2. Cloning of warehouses
Enter the following command in the terminal:
git clone https://github.com/Agent-RL/ReSearch.git
cd ReSearch
3. Installation of the verl environment
ReSearch is based on verl for reinforcement learning training, the installation steps are as follows:
cd verl
pip3 install -e .
cd ..
- dependency version: torch==2.4.0+cu124, vllm==0.6.3, ray==2.10.0. If there is a conflict, install it manually:
pip install torch==2.4.0+cu124 vllm==0.6.3 ray==2.10.0
4. Installation of the FlashRAG environment
FlashRAG is used to evaluate and RAG Service, installation method:
git clone https://github.com/RUC-AIBox/FlashRAG.git
cd FlashRAG
pip3 install -e .
cd ../ReSearch
5. Downloading pre-trained models
Qwen2.5-7B is used by default, downloaded from Hugging Face:
git lfs install
git clone https://huggingface.co/Qwen/Qwen2.5-7B
Record the model path and configure it for use later.
Usage
Starting the RAG Service
- Download Pre-Indexed Data: Get the Wikipedia index, corpus, and retrieval model from a FlashRAG document.
- Configuration Services:: Editorial
rag_serving/serving_config.yaml
The GPU IDs are filled in with the retrieval model, index, corpus path, and available GPU IDs. - Operational services::
conda activate flashrag python rag_serving/serving.py --config rag_serving/serving_config.yaml --num_retriever 1 --port 8000
Search support is provided once the service is running.
training model
- Prepare data: Download the HotpotQA dataset and run the preprocessing script:
python training/data_preprocess_hpqa.py
The generated training and development data are saved in parquet format.
- Configuration parameters: Modification
training/run.sh
The following are some of the features that you can use to set up the model path, search URL, data path, etc. - priming training::
conda activate verl bash training/run.sh --actor_model_path /path/to/Qwen2.5-7B --search_url http://localhost:8000 --train_data_path data/train.parquet --dev_data_path data/dev.parquet --save_path runs/
- Single node 8 GPU training, multiple nodes require ray tuning.
assessment model
- Starting the modeling service: After training, the model is deployed using SGLang:
python3 -m sglang.launch_server --served-model-name research --model-path runs/trained_model --tp 2 --context-length 8192 --port 80
- Operational assessment::
python evaluation/run_eval.py --config_path evaluation/eval_config.yaml --method_name research --split dev --dataset_name hotpotqa
- The results are saved to the
evaluation/results/
, support for switching datasets (e.g.
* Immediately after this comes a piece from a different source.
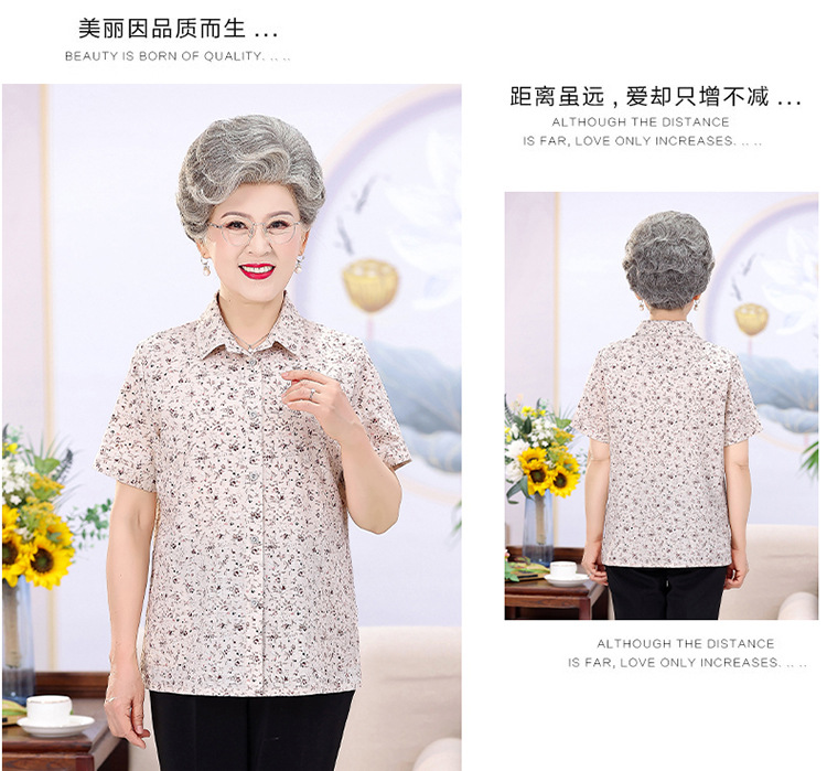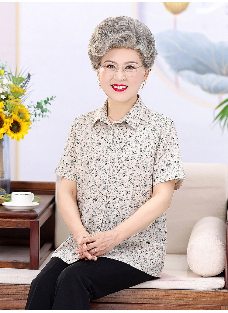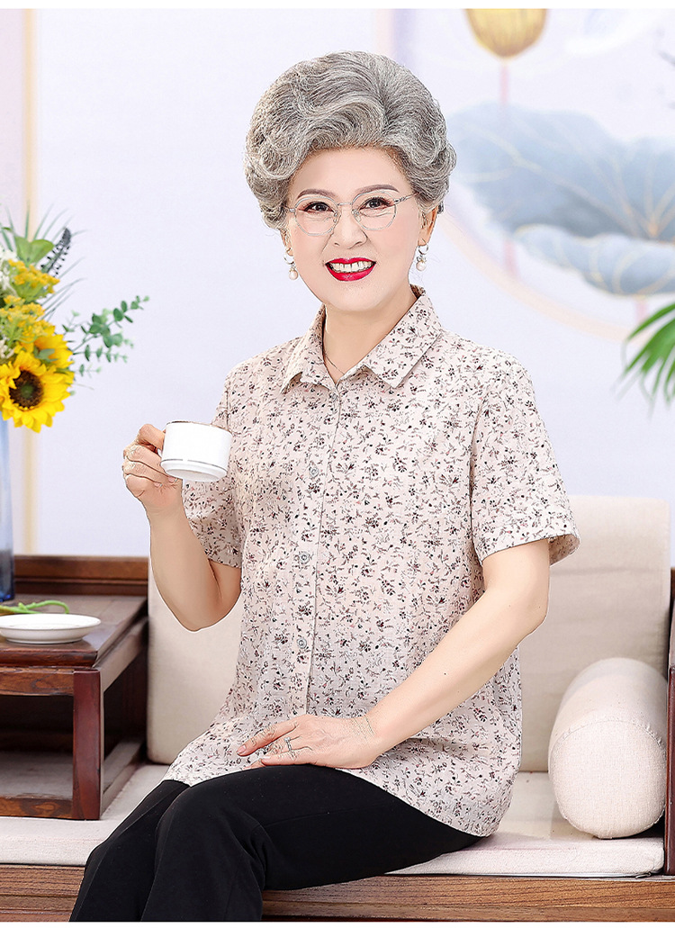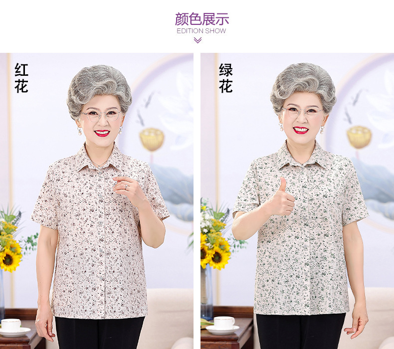 妈妈夏装全棉衬衫中老年人女翻领衬衣奶奶装薄款纯棉短袖上衣开衫

Bamboogle).
- The results are saved to the
Featured Function Operation
- Search Tool Call::
- After training, the model can automatically determine whether to invoke the search tool. For example, enter "How many moons does Jupiter have?":
python inference.py --model_path runs/trained_model --question "How many moons does Jupiter have?"
Example output:
Jupiter has 95 known moons as of 2025.
The - Process: The model generates a search query based on the question and calls the RAG service to get the information and then reason about the answer.
- After training, the model can automatically determine whether to invoke the search tool. For example, enter "How many moons does Jupiter have?":
- Cross-dataset generalization::
- Testing model performance on StrategyQA:
python evaluation/run_eval.py --config_path evaluation/eval_config.yaml --method_name research --split dev --dataset_name strategyqa
The output contains the reasoning process and the answer, verifying the generalization ability.
- Testing model performance on StrategyQA:
caveat
- hardware requirement: 24GB of video memory or more for training, 16GB for evaluation.
- Log Monitoring: Use TensorBoard to view training progress:
tensorboard --logdir runs/
- troubleshooting: If you get an error, check the dependency version or check GitHub Issues.
By doing so, users can fully reproduce ReSearch experiments and explore the combination of reinforcement learning and large models.